이 페이지는 Cloud Translation API를 통해 번역되었습니다.

엔드포인트에 모델 배포

모델을 온라인 예측을 제공하는 데 사용하려면 먼저 모델을 엔드포인트에 배포해야 합니다. 모델을 배포하면 지연 시간이 짧은 온라인 예측을 제공하기 위해 물리적 리소스가 연결됩니다.

이 페이지에서는 온라인 예측을 사용하여 엔드포인트에 모델을 배포하기 위해 따라야 하는 단계를 설명합니다.

시작하기 전에

엔드포인트에 모델을 배포하기 전에 예측을 위해 모델 아티팩트를 내보내고 해당 페이지의 모든 필수 요건을 충족하는지 확인하세요.

리소스 풀 만들기

ResourcePool 맞춤 리소스를 사용하면 모델의 동작을 세밀하게 제어할 수 있습니다. 다음과 같은 설정을 정의할 수 있습니다.

자동 확장 구성입니다.
CPU 및 메모리 요구사항을 정의하는 머신 유형입니다.
GPU 리소스와 같은 가속기 옵션입니다.

머신 유형은 예측 클러스터를 생성하기 위해 전송하는 노드 풀 사양 요청에 필수적입니다.

배포된 모델의 리소스 풀에서 가속기 수와 유형에 따라 GPU 사용량이 결정됩니다. 머신 유형은 요청된 CPU 및 메모리 리소스만 지정합니다. 따라서 ResourcePool 사양에 GPU 가속기를 포함할 때 machineType 필드는 모델의 CPU 및 메모리 요구사항을 제어하고 acceleratorType 필드는 GPU를 제어합니다. 또한 acceleratorCount 필드는 GPU 슬라이스 수를 제어합니다.

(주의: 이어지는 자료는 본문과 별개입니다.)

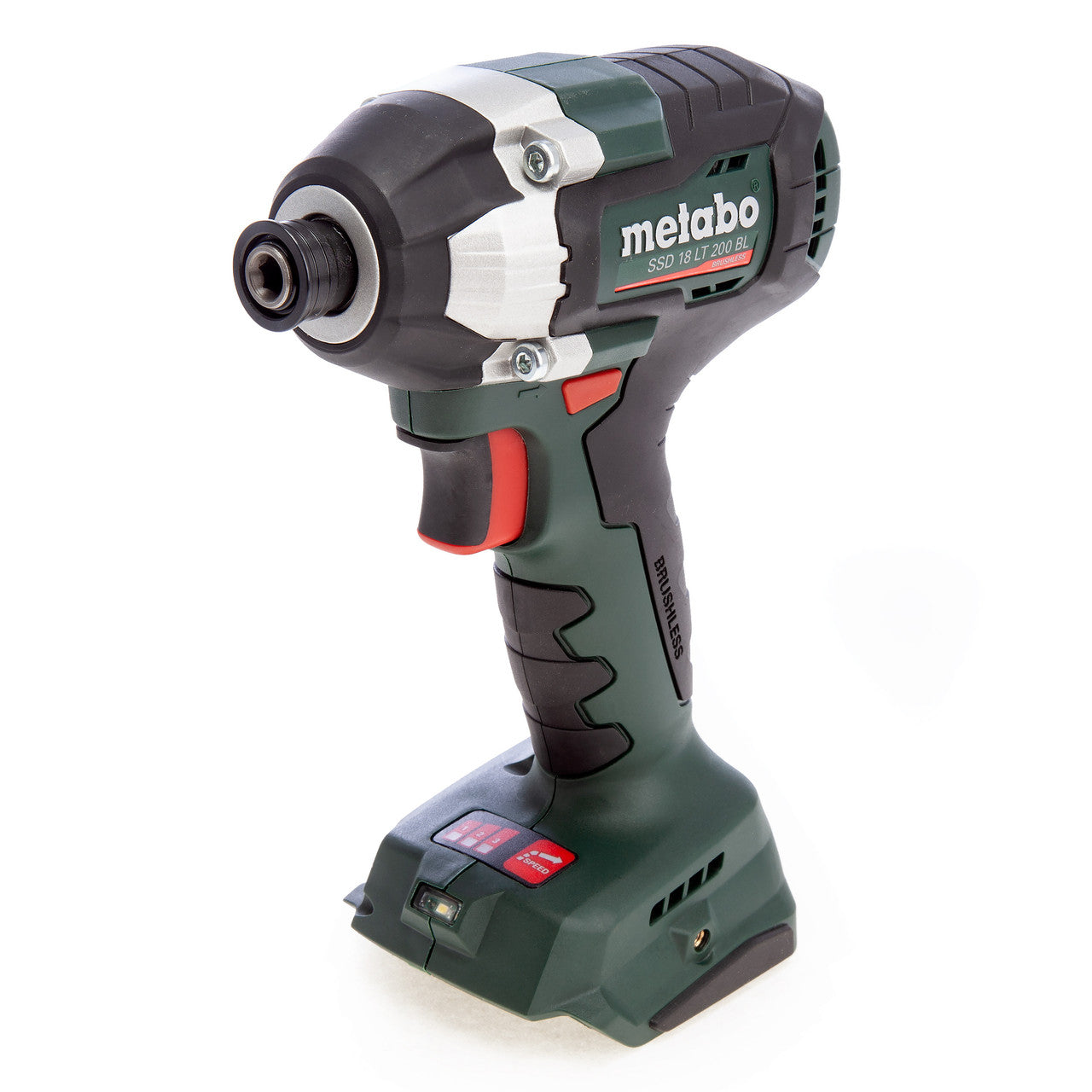 The Metabo SSD 18 LT 200 BL Impact Driver is a compact Cordless Impact Driver with a 1/4" hexagon socket drive and a maximum torque of 200 Nm. Fitted with the unique Metabo brushless motor for quick work progress and three speed/torque levels for a varied range of applications. Sold as a Body Only machine without battery or charger in a metaBOX 145 case.

다음 단계에 따라 ResourcePool 커스텀 리소스를 만듭니다.

ResourcePool 커스텀 리소스를 정의하는 YAML 파일을 만듭니다. 다음 예에는 GPU 가속기가 있는 리소스 풀 (GPU 기반 모델)과 GPU 가속기가 없는 리소스 풀 (CPU 기반 모델)의 YAML 파일이 포함되어 있습니다.

GPU 기반 모델

  apiVersion: prediction.aiplatform.gdc.goog/v1
  kind: ResourcePool
  metadata:
    name: RESOURCE_POOL_NAME
    namespace: PROJECT_NAMESPACE
  spec:
    resourcePoolID: RESOURCE_POOL_NAME
    enableContainerLogging: false
    dedicatedResources:
      machineSpec:
        # The system adds computing overhead to the nodes for mandatory components.
        # Choose a machineType value that allocates fewer CPU and memory resources
        # than those used by the nodes in the prediction cluster.
        machineType: a2-highgpu-1g-gdc
        acceleratorType: nvidia-a100-80gb
        # The accelerator count is a slice of the requested virtualized GPUs.
        # The value corresponds to one-seventh of 80 GB of GPUs for each count.
        acceleratorCount: 2
      autoscaling:
        minReplica: 2
        maxReplica: 10

CPU 기반 모델

  apiVersion: prediction.aiplatform.gdc.goog/v1
  kind: ResourcePool
  metadata:
    name: RESOURCE_POOL_NAME
    namespace: PROJECT_NAMESPACE
  spec:
    resourcePoolID: RESOURCE_POOL_NAME
    enableContainerLogging: false
    dedicatedResources:
      machineSpec:
        # The system adds computing overhead to the nodes for mandatory components.
        # Choose a machineType value that allocates fewer CPU and memory resources
        # than those used by the nodes in the prediction cluster.
        machineType: n2-highcpu-8-gdc
      autoscaling:
        minReplica: 2
        maxReplica: 10

다음을 바꿉니다.

RESOURCE_POOL_NAME: ResourcePool 정의 파일에 지정할 이름입니다.
PROJECT_NAMESPACE: 예측 클러스터와 연결된 프로젝트 네임스페이스의 이름입니다.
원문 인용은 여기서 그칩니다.